A self-service platform built at JFrog that lets non-developers create, govern, and deploy production AI agents without code. It generates Google ADK Python, deploys to Vertex AI Agent Engine, and wraps every agent in a catalog, a permission model, Slack access, shared skills and tools, and a dual-team approval gate.
Isn't the no-code builder the hard part?
No, and that's the whole argument. Generating an agent is mostly solved by codegen and a good model. The hard, slow work is everything around it: discovery, permissions, reuse, interop, and governance.
Why build AgentHive instead of buying an off-the-shelf platform?
Because no vendor bundles the whole shape: a no-code builder plus a catalog, permissions, Slack access, shared skills and tools, RAG, and a dual-team approval gate. The closest cross-vendor governance, AWS's Agent Registry, is built for developers, not the non-coders AgentHive is for. And buying governance from one agent vendor would undercut the neutral system of record JFrog exists to be.
Can people across the org use agents other people built?

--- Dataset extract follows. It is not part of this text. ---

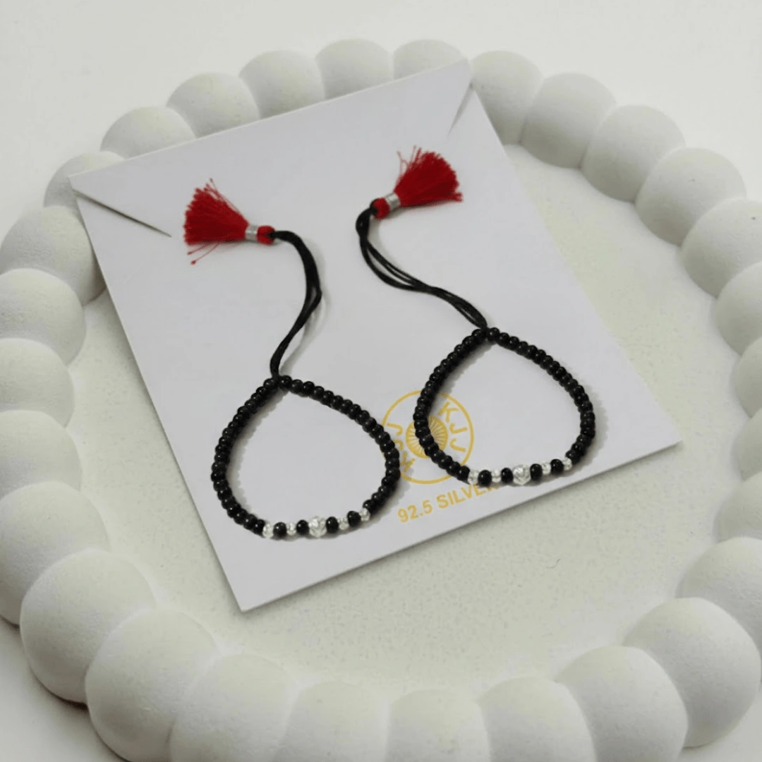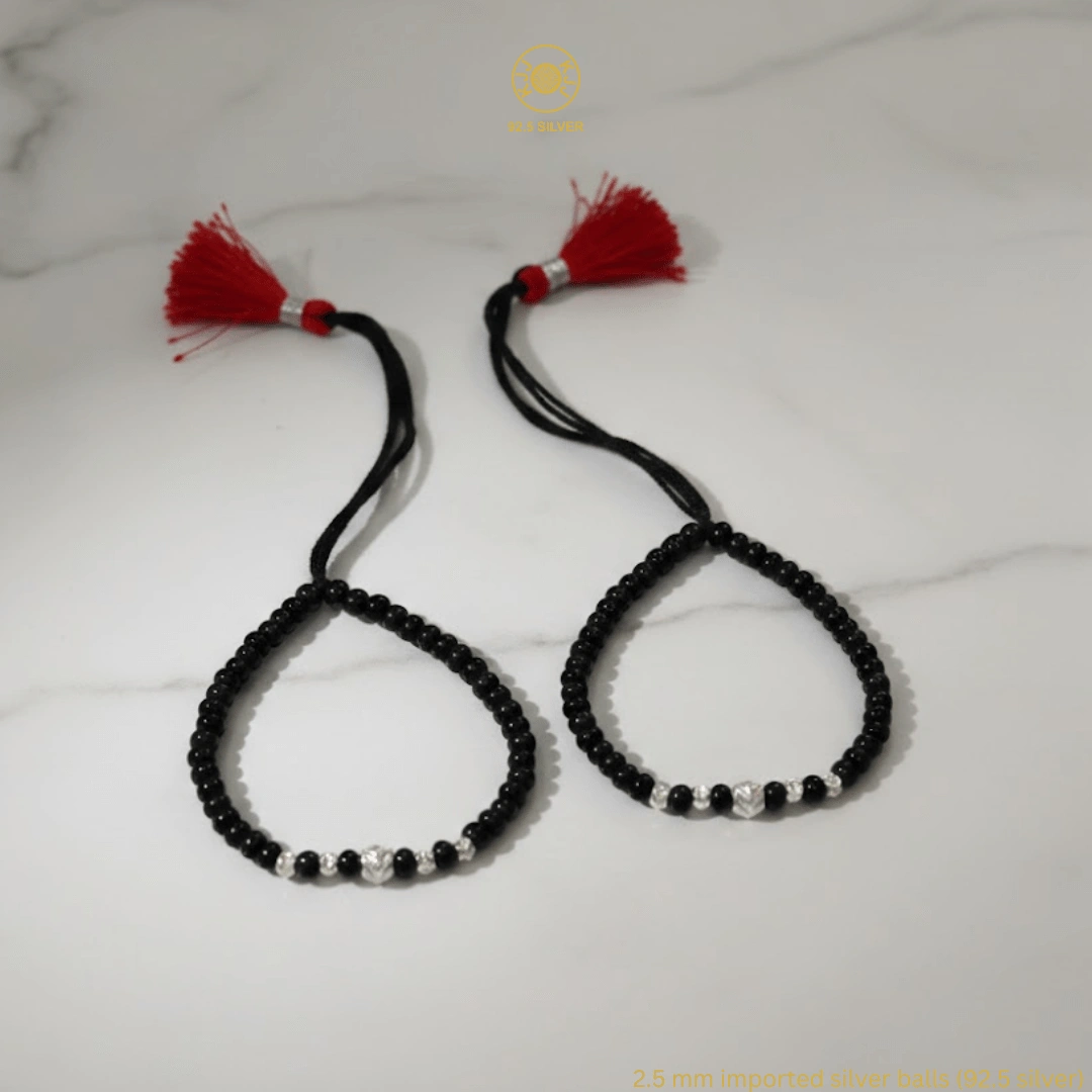 Handcrafted with certified 92.5 Sterling Silver, these bracelets are meticulously hand-strung on a soft, durable black cord with high-grade black beads to ward off negative energy. Designed specifically for sensitive infant skin, this set ensures your baby remains protected with the highest quality materials and a touch of modern, textured luxury.

Yes, if they're permitted. Agents are shared through an access model (grant to a user, a group, or everyone, as viewer or editor), and a shared agent can be opened and chatted with from the web catalog or from Slack. Restricted agents are invisible, so visibility you control is the point.
How do you reach an agent from Slack?
Mention the AgentHive app in a channel or send it a DM, and your message routes to a hive agent and gets answered in the thread, with live status while it works. You can reach any deployed agent you have access to, by pinning it to a channel, naming it, or picking from a list. There's no slash command yet.
What's the stack?
React and TypeScript on the front end, FastAPI and PostgreSQL on the back, Google ADK with Vertex AI Agent Engine and RAG Engine for the runtime, Claude and Gemini as the models, MCP for tools, A2A for agent-to-agent, and Okta with SCIM for identity. Observability runs through Langfuse when it's on.
Where I landed
I came into this thinking the clever part would be the code generation, the bit that turns a sentence into a running agent. That part was fun, and it was fast. The part I'm actually proud of is the stuff with no screenshot value: the catalog that kills silos, the Slack door that gets agents used, the shared skills, and the approval queue that nobody wants to build.
If you're evaluating or building one of these, watch where the demo spends its time, then ask the questions it skips. Where do these agents live? Who can reach them? What did they build once and reuse? And who signed off before this touched production? If the answers are a shrug, you've been shown the easy part.